Friday, July 13, 2012

When Is This Thing Gonna Blow?

Working as a seasonal ranger at Yellowstone National Park I get asked a lot of questions by a lot of visitors. Or more precisely, I get asked a lot of the same questions over and over again. 

Old Faithful does its thing approximately every 90 minutes


Where is the restroom?
What time does Old Faithful geyser erupt?
Where can we see bears?
Where can we hike where there aren’t any other people?
What is there to see here?
When is this thing gonna blow, anyway?

At 2.2 million acres Yellowstone encompasses a considerable quantity of northwestern Wyoming real estate (along with small slices of Idaho to the west and Montana to the north). In fact, until Death Valley was made a national park in 1994, Yellowstone was the largest park in the lower 48 states. With over 10,000 thermal features and surface dimensions of 30 miles by 45 miles, the collapsed crater of Yellowstone’s caldera is one of the world’s largest active volcanoes. 

IMG_2343
Clepsydra Geyser is in the Fountain Paint Pots area

IMG_2305
Fountain Paint Pots are acidic cauldrons of boiling, burping mud

IMG_2298Surging Spring
Surging Spring surges occasionally in West Thumb Geyser Basin

And that doesn’t even begin to include the massive magma chamber that lurks a mere few miles beneath our feet. That shifting mass of partially molten rock has been imaged and found to be at least 400 miles deep and 150 miles wide. 

Yikes! 

When this magma rises but does not erupt onto the surface, the floor of the caldera can bulge upward into small hills called resurgent domes. Mallard Lake Dome east of Old Faithful and Sour Creek Dome (identified by astute reader Larry in this previous post) north of Fishing Bridge are both resurgent domes inside the caldera.

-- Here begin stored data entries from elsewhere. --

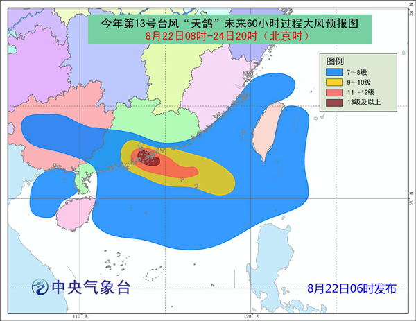 台风“天鸽”大风预报图(8月22日08时至24日20时)
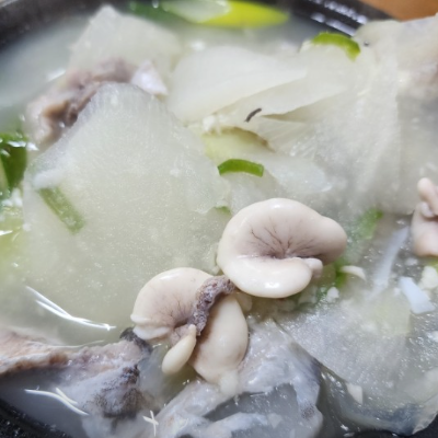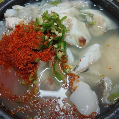 국물을 한 숟갈 마셔보면 담백한 맛에 마늘향이 납니다. 해장에 딱인 국물이었어요. 잡내가 전혀 없는 깔끔한 맛이에요.
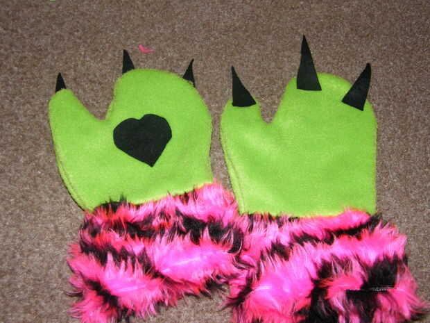 Corte algunas garras de fieltro negro y pegarlos en la parte superior de los guantes. Luego realizar un poco de fieltro para el lado de la palma. Si usted quiere poner un chillido de juguete debajo de los corazones y así cuando aplauda rechina. Pero no lo hice, soy lindo no estoy loco!!!!!!
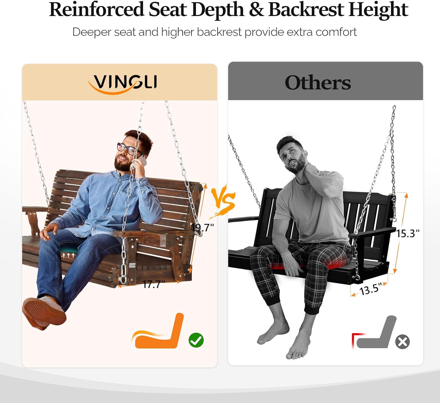 VINGLI XL Size Patio Wooden Porch Swing Outdoor with Cup Holders & Phone Slots, Heavy Duty 880 LBS Hanging Swing Chair Bench with Hanging Chains for Yard, Lawn, Garden (5 FT Pro, Rustic)
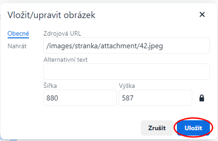 - Obrázek se nahraje a stačí uložit (obrázek se vloží na místo kurzoru v textu. Obtékání lze nastavit pomocí zarovnání textu)
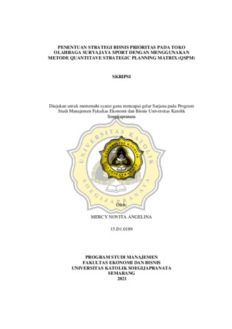 ANGELINA, MERCY NOVITA (2021) PENENTUAN STRATEGI BISNIS PRIORITAS PADA TOKO OLAHRAGA SURYAJAYA SPORT DENGAN MENGGUNAKAN METODE QUANTITAVE STRATEGIC PLANNING MATRIX (QSPM). Other thesis, Universitas Katholik Soegijapranata Semarang.
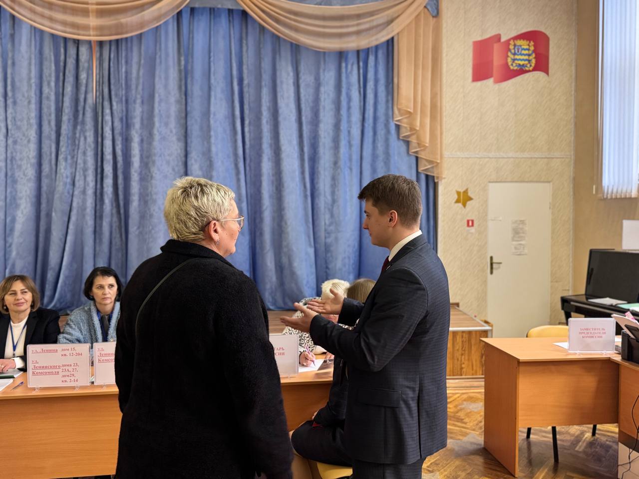 Международные наблюдатели от Содружества Независимых Государств Максим Воронин и Вероника Фатхутдинова осуществляют наблюдение за ходом выборов Президента Республики Беларусь в Солигорском районе.
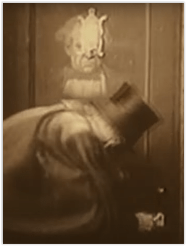 Finney enters a lonely quarter and walks up to a door with a blackened metal lion doorknocker wearing quite as nasty an expression as Scrooge himself. While Scrooge has his key in the lock, he looks up to see the lion change into the face of his late partner. Its eyes open slowly, and it says “Scrooge” before becoming a lion again. Scrooge goes inside, several times looking back at the knocker and checking the back of the door. Finally, he declares “Humbug!”
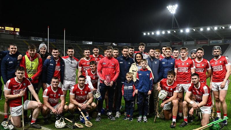 FITTING EVENING'S WORK: Cork players with Sinead McCarthy, daughter of the late Teddy McCarthy, and Chairperson Cork GAA Marc Sheehan, after the Teddy McCarthy hurling tribute game between Cork and Galway at Páirc Uí Chaoimh in Cork. Pic: Eóin Noonan/Sportsfile
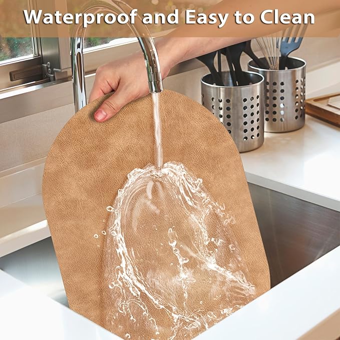 - Premium Quality: The faux leather material is substantial and well-crafted, ensuring that these table mats will last for a long time. Their heat-resistant and waterproof qualities protect kitchen table from the perils of hot dishes and spills, ensuring that your eating space remains stylish and unstained.
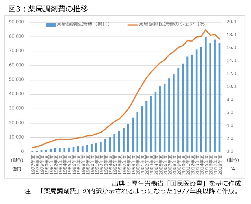 なお、2015年度を境にして、薬局調剤医療費の金額と、国民医療費に占めるシェアが低下している点については、特殊要因と制度的な要因が考えられる。2016年度については、C型肝炎治療薬が登場したことに伴って2015年度の医療費が大きく伸びた反動に伴う減少と考えられる。
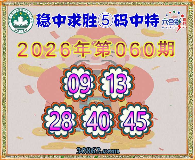 060期:【稳中求胜】 ⑤码中特09.13.28.40.45】开:09

Once viscous underground flows of rhyolite, these flows were pushed upward by magma from below but never erupted. 

IMG_2536Biscuit BasinAndMallard LakeResurgent Dome
Mallard Lake resurgent dome is the hill beyond the white of Biscuit Basin thermal area


Seismic imaging shows that there is a conduit of partially molten rock located beneath both Mallard Lake and Sour Creek Domes, each at a depth of 5–7 miles. 

Resurgent doming formed the Sour Creek Dome around 630,000 years ago and the Mallard Lake Dome around 130,000 years ago. 

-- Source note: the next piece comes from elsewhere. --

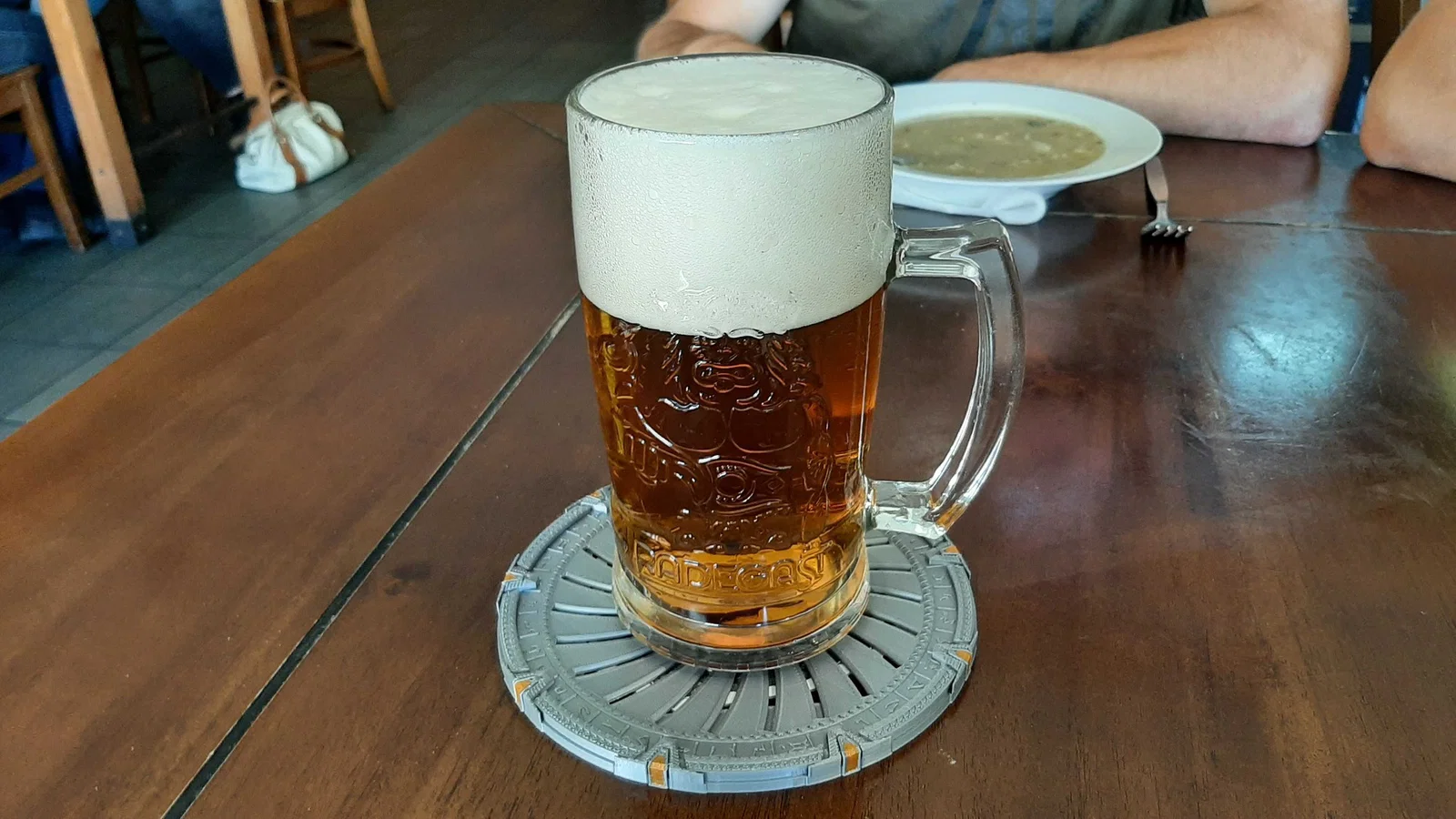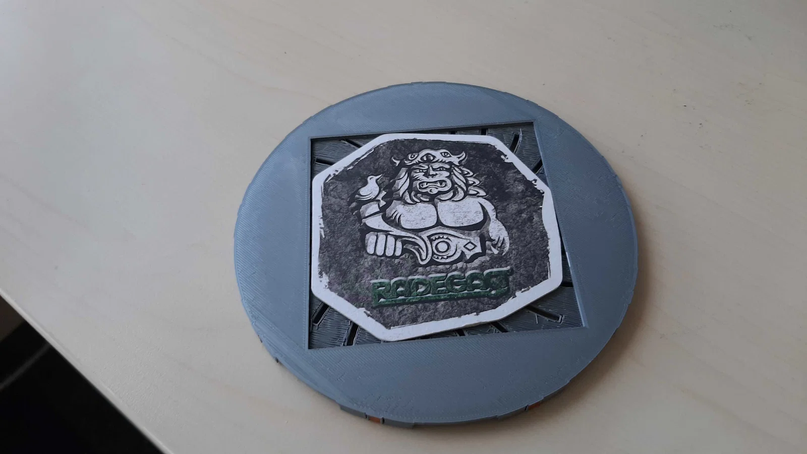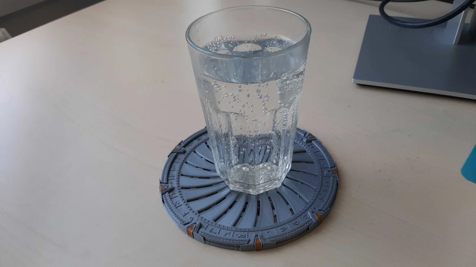 Đây là mẫu đế lót ly do mình tự thiết kế, lấy cảm hứng từ cổng Stargate với phần Iris đi kèm. Kích thước đế hơi lớn một chút vì mình thích dùng ly bia 1 lít (kiểu Tuplák) nên chiếc đế này vừa vặn rất đẹp. Phần Iris được thiết kế có các lỗ nhỏ để dẫn nước ngưng tụ thoát ra ngoài, giúp mặt đế không bị đọng nước. Ngoài ra, phía dưới còn có một hốc nhỏ để bạn đặt vừa khít một miếng lót ly bằng giấy tiêu chuẩn. Việc này giúp thấm hút sạch nước, giữ cho mặt bàn luôn khô ráo. Bạn hoàn toàn có thể bỏ qua bước này nếu không thích nhé.

IMG_1546Sour CreekDomeFrom MudVolcanoTrail
Part of Sour Creek Dome (the hill on the left with the toupee of trees) is easily viewed from the Mud Volcano trail


Between 1924 and 1984 the caldera floor was uplifted about 3.3 feet. The bulge of Sour Creek Dome caused the northern shore of Yellowstone Lake to subsequently rise while the southern shore has been submerged. The bulge then began to subside and dropped a total of eight inches after a swarm of small earthquakes occurred between 1985 and 1995. Between 1995 and 2000 the caldera bulged once again, and over the next few years continued to uplift. In July 2004 the rate of uplift was an extraordinary 2.8 inches per year. At Sour Creek Dome a GPS station recorded over 6.7 inches of uplift between 2004 and 2007. It was during this time that the entire country held its breath and wondered if the next Yellowstone supervolcano explosion was about to occur. 

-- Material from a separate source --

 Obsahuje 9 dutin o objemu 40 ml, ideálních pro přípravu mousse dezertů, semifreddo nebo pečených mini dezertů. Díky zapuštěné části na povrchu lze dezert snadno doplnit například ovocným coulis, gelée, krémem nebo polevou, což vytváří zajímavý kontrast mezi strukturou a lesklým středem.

The West Thumb of Yellowstone Lake is a caldera within a caldera, having exploded around 175,000 or so years ago. It is very likely that it was once a resurgent dome. 

Yellowstone LakeFrom Overlook Trail
West Thumb of Yellowstone Lake is a caldera within a caldera


So...
Is the Yellowstone caldera going to blow again, and if so, when?

The presence of hot, molten magma just beneath the surface indicates that future volcanic eruptions are likely to happen, but no one really knows when this might occur. The amount of heat still flowing underground, frequent earthquakes, over 10,000 thermal features including hot springs, mud pots, geysers, and steam vents, and the rising and subsiding of the caldera floor all point to the likelihood of continued volcanic activity.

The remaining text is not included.